Data Catalog assets and features

The following topics can help you understand the assets and features of Pentaho Data Catalog.

Data Catalog assets

Pentaho Data Catalog provides data management and data representation with its own logical data entities, including the following assets:

Data sets

Data sets are named logical groupings of related data objects. They are primarily used to organize data objects together visually, but you can also run a process on the data set.

While in the Data Canvas tree view, you can create a data set, or collection, of data objects by selecting the check box next to those objects you want to organize into a single data set. You can choose to display only user-defined data sets in the tree view, greatly simplifying the navigation of these objects.

Workers

Data Catalog uses Open AI-architected digital worker processes that connect to data sources to perform the following tasks in an automated way:

  • Test connection
  • Ingesting metadata
  • Data profiling
  • Data identification
  • Key discovery
  • Data quality
  • Sensitive data discovery

Workers are the background processes that are launched whenever any activity is initiated, either manually or scheduled. You can view and manage workers, cancel worker processes, review the worker's progress and any details or exceptions relating to the worker process.

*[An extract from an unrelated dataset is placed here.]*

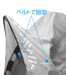 内部上部にはメッシュシートがあり熱気が抜けやすい。また、内部にはメッシュポケットがるので、収納バッグや小物入れに使える。

Dictionaries and data patterns

Data identification uses two data discovery methods, dictionaries and data pattern analysis. Data Catalog installs a set of pre-configured dictionaries and patterns, but you can define custom dictionaries and patterns if they are necessary for your specific requirements.

  • Dictionaries

    Dictionaries are word or term lists used to create bitsets and data patterns that you can then use to match column data.

  • Data patterns

    A pattern analysis (or data patterns) document defines the data pattern, regular expression, and column alias(es) and tags that you can use to identify a column of data. You can use data patterns for a variety of purposes, such as regular expression (RegEx) generation, data identification, and data quality checking.

  • Policies

    The dictionaries and data patterns are together referred to as a data identification policies. There are many policies included with Data Catalog, covering categories from a wide range of business sectors, such as Finance, Education, Aviation, Law Enforcement, PCI-DSS and Data Privacy. Data Catalog provides these policies for you to use and build on.

Glossary

The business glossary is an organized list of business terms and their definitions intended to serve as the single and definitive reference for an organization. You can associate business terms with data elements, business rules, related terms, and custom attributes to form a comprehensive view of your organization’s business concepts and data landscape.

Business rules

Business rules translate business requirements into logic-based rules you can use to tag your data. You can define business rules to manage your data and track its quality by designating whether or not that data is compliant.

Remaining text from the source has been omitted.